The Campisi Approach for Lymphatic Surgery

Key Points

Lymphedema staging
Surgical treatment of lymphedema & lymphatic microsurgery
SS-MLVA/single site – multiple lymphatic-venous anastomoses
MLVLA – multiple lymphatic-venous-lymphatic anastomoses (autologous interpositioned vein graft)
CLyFT – complete lymphedema functional treatment
FLLA-LVSP/fibro-lipo-lymph-aspiration by lymph vessel sparing procedure
BPV test – blue patent violet lymphochromic test
ICG test – indocyanine green (fluorescent) lymphography (ICGL)
Superficial and deep lymphoscintigraphy with transport index
LyMPHA – lymphatic microsurgical preventive healing approach

Current Concepts of Peripheral Lymphedema

Chronic peripheral lymphedema is progressive and relatively painless swelling of any peripheral tissue, including the limbs, head and neck, breast, trunk, or genitals, that is the result of a reduced transport capacity of the lymphatic system. Chronic lymphedema can be classified as primary or secondary, according to the etiology. In patients with secondary lymphedema, a specific external cause (filariasis, previous surgery, radiation, malignancy, infection or inflammation, trauma, etc.) can be identified and is believed to impact on a presumed previously normally functioning lymphatic system by causing an obstruction in the lymphatic flow (either from the direct removal of lymph nodes and/or lymphatic vessels or damage to the same).

The majority of the clinical conditions that are considered to be primary lymphedema are due to truncular lymphatic malformations that arise during the final stages of the lymphangiogenesis, when there is the development of lymphatic trunks, vessels, and nodes. These malformations result in hypoplasia, hyperplasia, or aplasia of the lymphatic vessels and/or the lymph nodes and may clinically manifest as obstruction or dilatation of the lymphatic vessels. In reality, it is not possible to determine if a peripheral lymphedema is primary or secondary simply from a physical or instrumental examination of the affected limb, as the clinical picture is the same regardless of etiology. What is useful, however, is to classify the lymphedema by stage of disease, as this predicts treatment outcome.
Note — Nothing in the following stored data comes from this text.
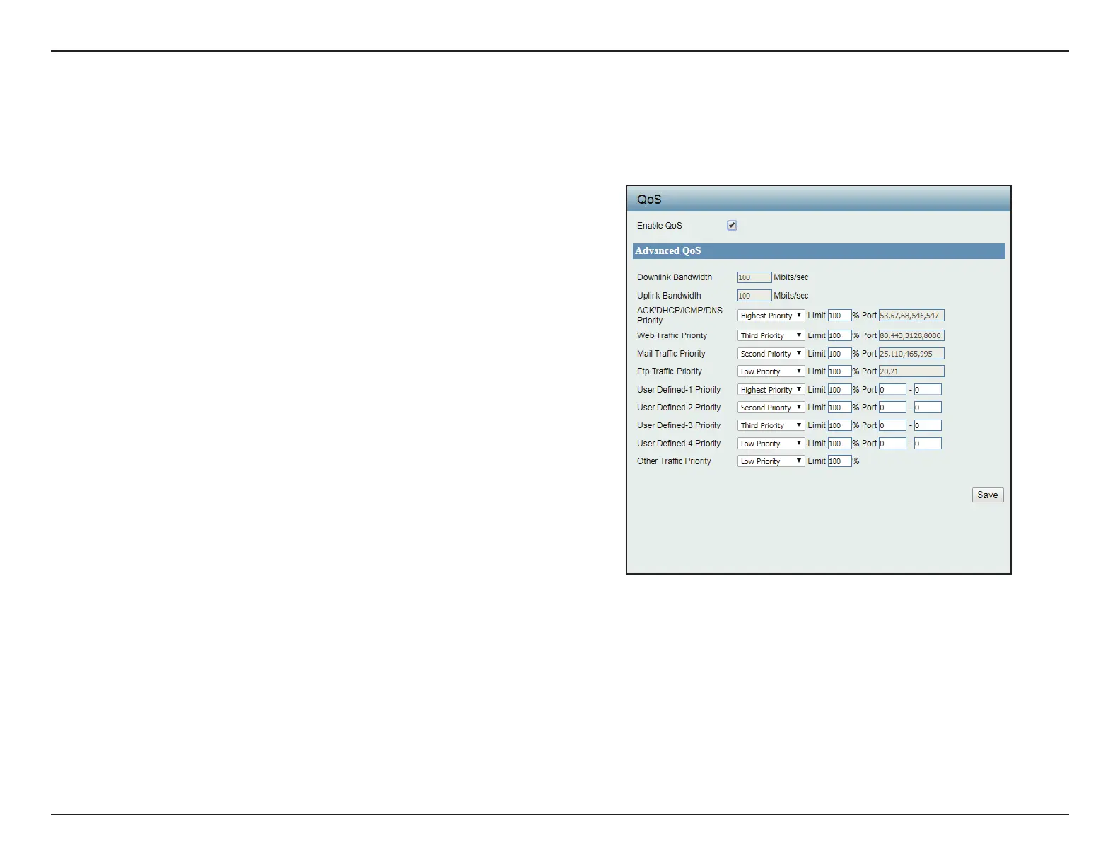 Enable QoS Check the box to allow QoS to prioritize trac.
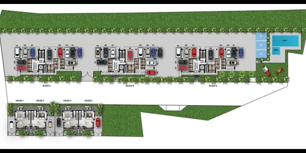 This complex is in a quiet tourist area and has a modern architecture, fresh design. The complex consists of 2 and 3 bedroom apartments and four semidetached 2 bedroom houses. The complex offers privacy, security and convenience. The beach is only 600 meters from the buildings, all the amenities are within a short walking distance. The complex will have a communal swimming pool and a gated children’s playground.
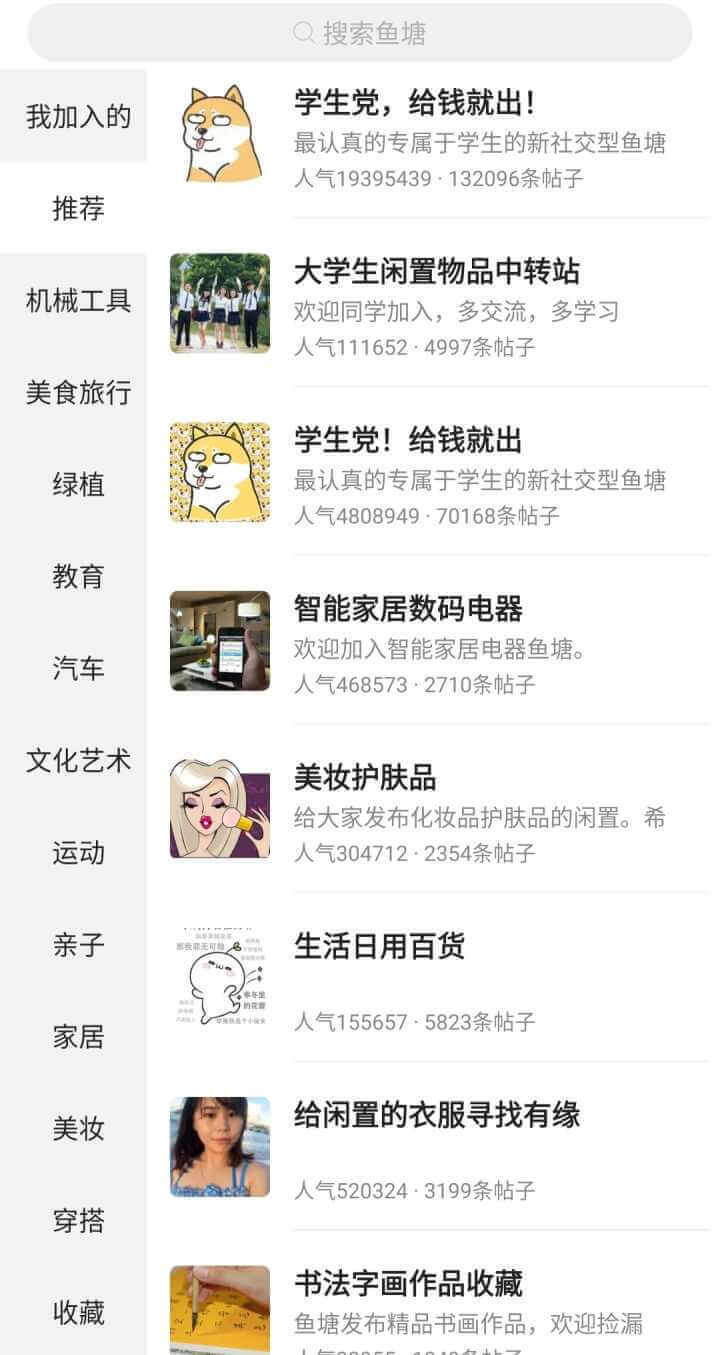 加入几个感兴趣的鱼塘,

In order to provide such a comprehensive classification system of lymphedema that encompasses immunohistopathological criteria, level of clinically evident edema, lymphoscintigraphic findings, and level of physical disability, we developed a three-stage model ( Table 21.1 ). In clinical practice, stages IA, IB, IIA, and IIB can be considered as early manifestations of the disease, and stages IIIA and IIIB (properly known as elephantiasis), as chronic and advanced. It should be noted that lymphedema is a progressive disease and, without adequate treatment, can move rapidly between the stages.

Table 21.1

Staging of Peripheral Lymphedema (Campisi 2009).

Based on immunohistological criteria, lymphoscintigraphic findings, clinical symptoms, and degree of physical disability.

Stage I	A. Latent lymphedema, without clinical evidence of edema, but with impaired lymph transport capacity (provable by lymphoscintigraphy) and with initial immunohistochemical alterations of lymph nodes, lymph vessels, and extracellular matrix.
	B. Initial lymphedema, totally or partially decreasing by rest and draining position, with worsening impairment of lymph transport capacity and of immunohistochemical alterations of lymph collectors, nodes, and extracellular matrix.
Stage II	A. Increasing lymphedema, with vanishing lymph transport capacity, relapsing lymphangitic attacks, fibroindurative skin changes, and developing disability.
	B. Column-shaped limb fibrolymphedema, with lymphostatic skin changes, suppressed lymph transport capacity, and worsening disability.
Stage III	A. Properly called elephantiasis, with scleroindurative pachydermitis, papillomatous lymphostatic verrucosis, no lymph transport capacity, and life-threatening disability.
	B. Extreme elephantiasis with total disability.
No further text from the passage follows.